=== What is expected ===
At the line containing "首先,李淑進針對目前中職學生", begin an exact copy of the lines below and continue through the final one, with no pictures.
Dataset extract Block Start
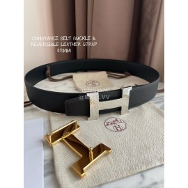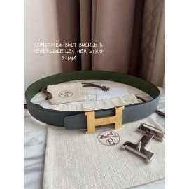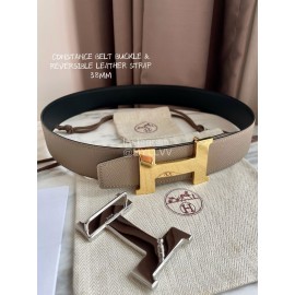 Hermes Constance Belt Gold Buckle Reversible Leather Strap 32mm Gray
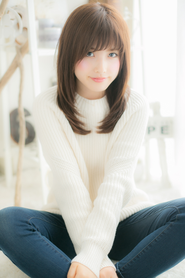 女っぽさUPな人気のワンカールストレートはクールな印象と柔らかさをプラスしてくれます。毛先メインのナチュラルなカールと眉ラインにカットされたバングでラブリーに☆
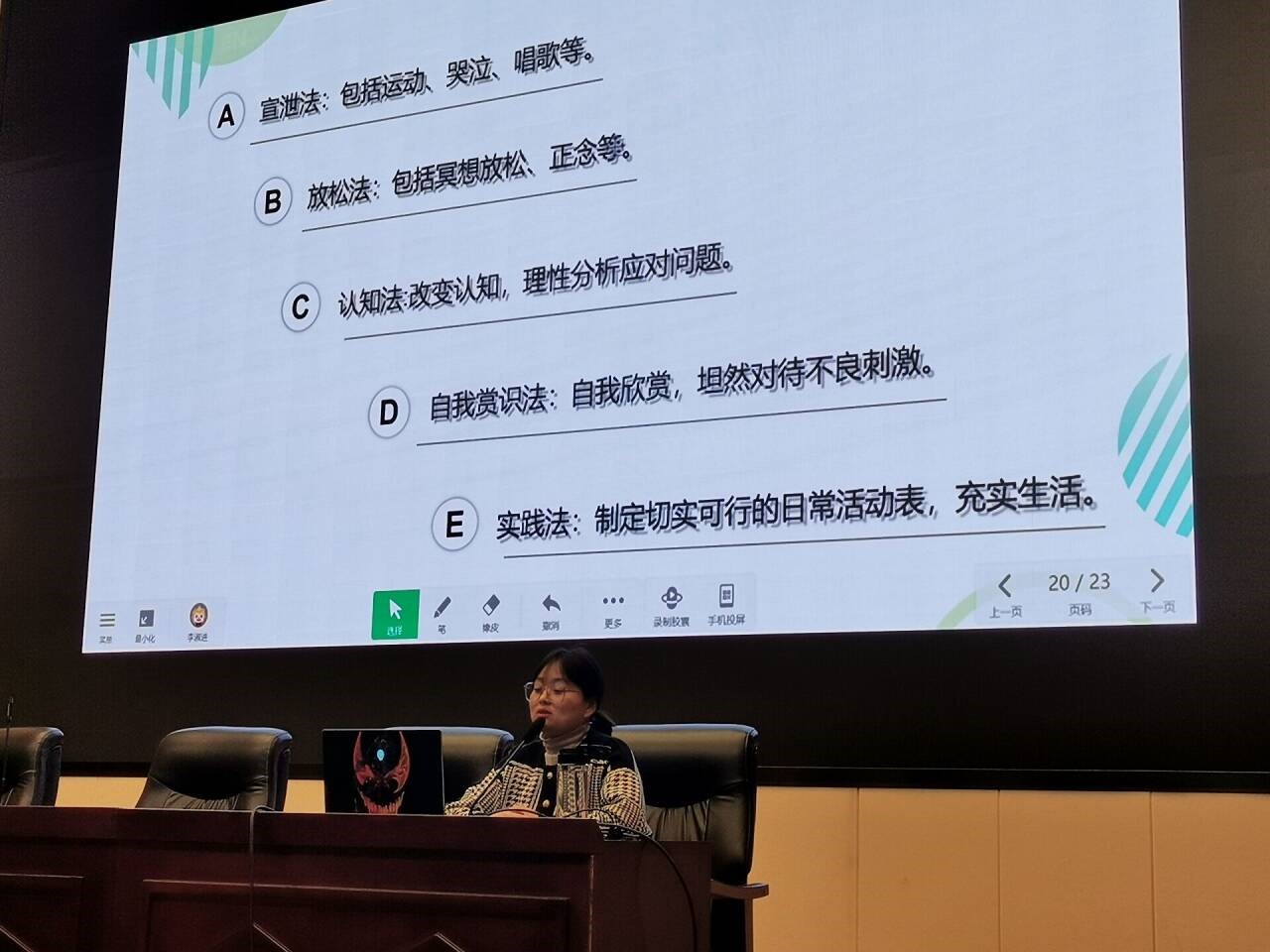 首先,李淑進針對目前中職學生容易出現(xiàn)的心理問題,結(jié)合實際案例,分別從什么是抑郁癥、抑郁癥的典型癥狀、抑郁癥與抑郁情緒的區(qū)別、怎樣識別抑郁癥、如何幫助抑郁癥患者等五個方面進行了詳細講解,向大家介紹了抑郁癥主要有情緒低落、自我否定、思維遲緩、意志活動減退、認知功能受損、軀體癥狀、睡眠障礙等典型癥狀。隨后,李淑進又為大家提供了一些實用的方法來應對這些負面情緒:她建議同學們多與家長、老師和朋友進行溝通,尋求他們的支持和理解;還鼓勵同學們培養(yǎng)一種積極的生活態(tài)度,多參與健康的活動,比如:運動、聽歌、讀書等,以緩解壓力和舒緩情緒。
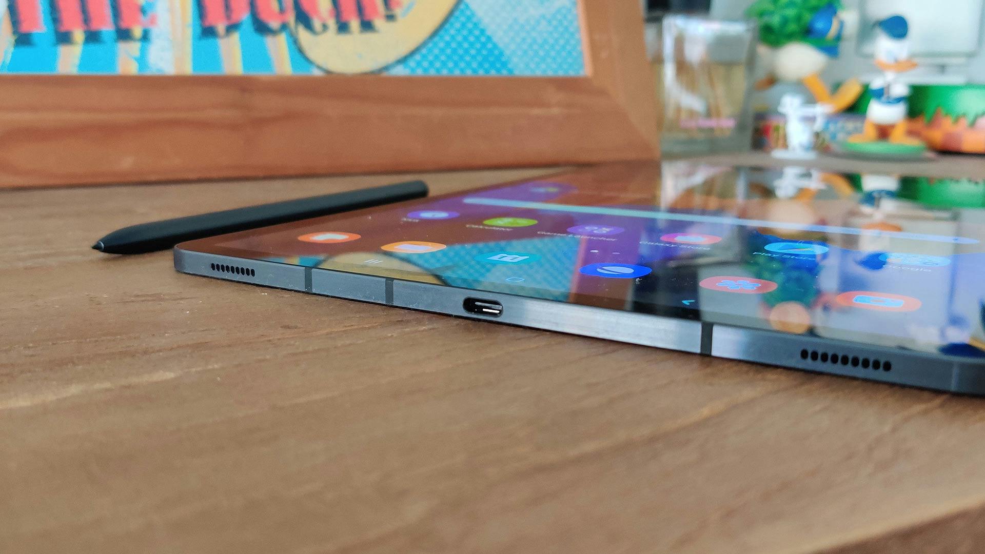 Laten we ook niet de vier speakers aan boord vergeten. Wanneer je de tablet horizontaal vasthoudt, dan zitten die speakers aan de zijkant. Er komt heel helder en mooi geluid uit en we merkten zelfs dat de ondersteuning voor Dolby Atmos (met ruimtelijk geluid) goed z’n best deed. Maar de speakers zitten op een plek waar je handen vaak ook zitten (en anders je buik wel), waardoor het geluid vaak weggemoffeld wordt. En dat gaat dan weer ten koste van de kwaliteit.
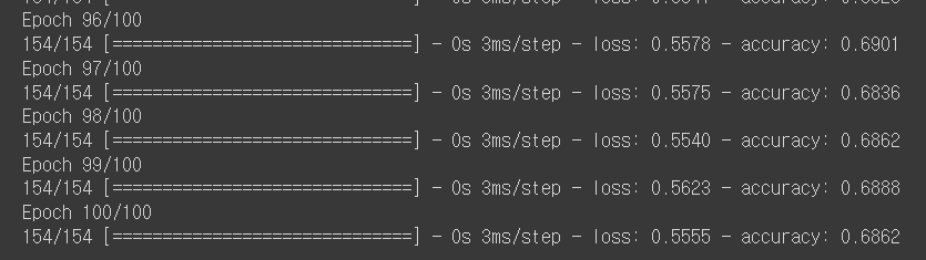 100번을 반복한 현재, 약 68.62%의 정확도를 보임.
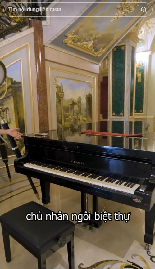 Một vài chi tiết nội thất trong tòa lâu đài. Trong đó còn có một chiếc đàn piano cổ trị giá lên tới 1 tỷ đồng. (Nguồn: @hagiang3939_tanphat).
Dataset extract Block End
=== The answer ===
 首先,李淑進針對目前中職學生容易出現(xiàn)的心理問題,結(jié)合實際案例,分別從什么是抑郁癥、抑郁癥的典型癥狀、抑郁癥與抑郁情緒的區(qū)別、怎樣識別抑郁癥、如何幫助抑郁癥患者等五個方面進行了詳細講解,向大家介紹了抑郁癥主要有情緒低落、自我否定、思維遲緩、意志活動減退、認知功能受損、軀體癥狀、睡眠障礙等典型癥狀。隨后,李淑進又為大家提供了一些實用的方法來應對這些負面情緒:她建議同學們多與家長、老師和朋友進行溝通,尋求他們的支持和理解;還鼓勵同學們培養(yǎng)一種積極的生活態(tài)度,多參與健康的活動,比如:運動、聽歌、讀書等,以緩解壓力和舒緩情緒。
 Laten we ook niet de vier speakers aan boord vergeten. Wanneer je de tablet horizontaal vasthoudt, dan zitten die speakers aan de zijkant. Er komt heel helder en mooi geluid uit en we merkten zelfs dat de ondersteuning voor Dolby Atmos (met ruimtelijk geluid) goed z’n best deed. Maar de speakers zitten op een plek waar je handen vaak ook zitten (en anders je buik wel), waardoor het geluid vaak weggemoffeld wordt. En dat gaat dan weer ten koste van de kwaliteit.
 100번을 반복한 현재, 약 68.62%의 정확도를 보임.
 Một vài chi tiết nội thất trong tòa lâu đài. Trong đó còn có một chiếc đàn piano cổ trị giá lên tới 1 tỷ đồng. (Nguồn: @hagiang3939_tanphat).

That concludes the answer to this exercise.